A dream in sepia and eau-de-nil ascends
from the ground as a great wish for calm. And
the wish is green in season, hazy like meadow-sweet,
downy & soft waving among the reeds, the
cabinet of Mr Heath. Precious vacancy piles in
this studious form, the stupid slow down & become
wise with inertia, and instantly the prospect of
money is solemnised to the great landscape.
It actually glows like a stream of evening sun,
value become coinage fixed in the grass crown.
The moral drive isn't
quick enough, the greasy rope-trick
has made payment an edge of rhetoric;
the conviction of merely being
right, that has
marched into the patter of balance.
(from 'A New Tax on the Counter-earth', from Brass, 1971)

While this style is over-simplified by any description, and the passage is clearly rational (and even waspish), we do seem to find psychedelic traits in it: the blurred, shimmering, quality, the pastoral feel, the aspirations to shed material values, the dominance of disembodied colours, the apparent dream state of the speaker, the use of hazy textures (the delicate seed-heads of the plant meadow-sweet), the virtuosity, the sudden leaps of cognitive level. Perhaps not only musicians were sitting in meadows thinking anti-capitalist thoughts? How far is it from 'lime and limpid green' to 'sepia and eau-de-nil'?
The method of quotation neatly excludes exhibition of the effects of loss of boundaries on the duration of poems. While we can only point to exhibits here, it is clear that the 1970s saw an explosion in the number of long poems, and that this wish for new volumes was related to 'space rock' and the infinite reaches of subjective experience opened up by the counter-cultural emigration. A good exhibit here would be Allen Fisher's Defamiliarising, a volume length work (100 pages) which is itself only a part of an even vaster work. Fisher's 70s work presumably does overload, destroy, and transcend inherited structures of the poem, and the poet/self audible within it, just as the Pink Floyd destroyed the 'song' and 'the pop star' by plunging into half-hour improvisations as the audience watched the osmotic swirl of the light show.
So, how successful is this comparison as a way of describing the new feel in poetry? I think there are considerable problems with it, as exceptions press themselves urgently on my mind. The verbal art is much more informationally loaded and conceptually more sophisticated than the musical art - as is true in any period. The music comes into existence because it refers back to itself and the poetry has to contain everything outside itself in order to exist.
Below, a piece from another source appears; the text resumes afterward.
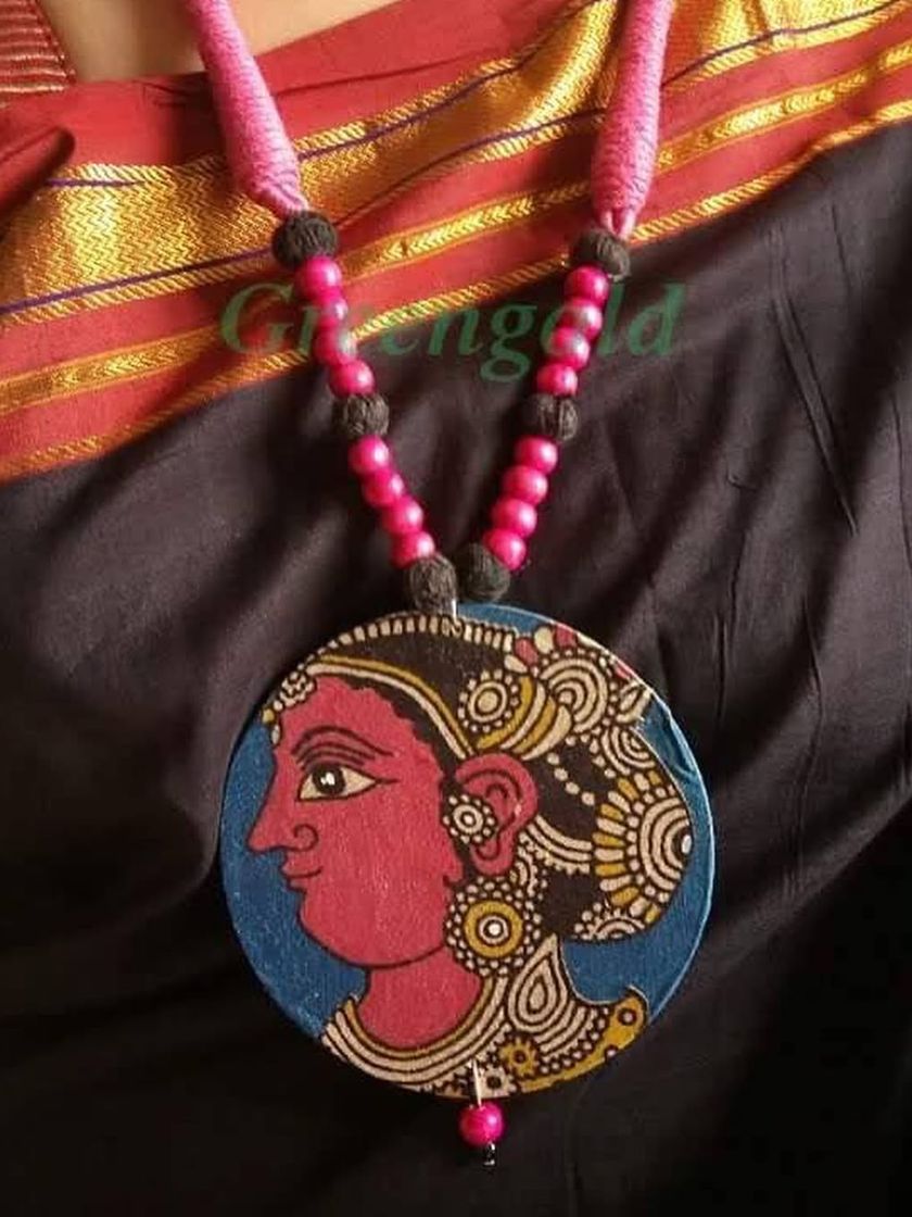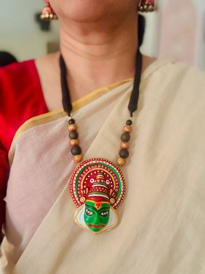 Each wooden pendant is a tiny canvas where I bring stories to life with a fine brush. It can take up to 15 days to complete a single miniature, with themes ranging from divine faces and Kerala murals to folk art motifs. These pieces are for those who appreciate the patience and precision of handmade art.

The advantage of the comparison is that many of my readers will already be familiar with recordings by the Beatles, Cream, the Jimi Hendrix Experience, etc., and so can form a concept of the poetry by drawing on memories of the music of 1968-73. The 'era feeling' obviously changed around 1974, by when most of the bands had either vanished or mutated unrecognizably; I feel that the poetry had got going later, and went on for longer, but we are left with the questions of what happened after 1977 - and what the poets of the underground era have been doing over the last 25 years.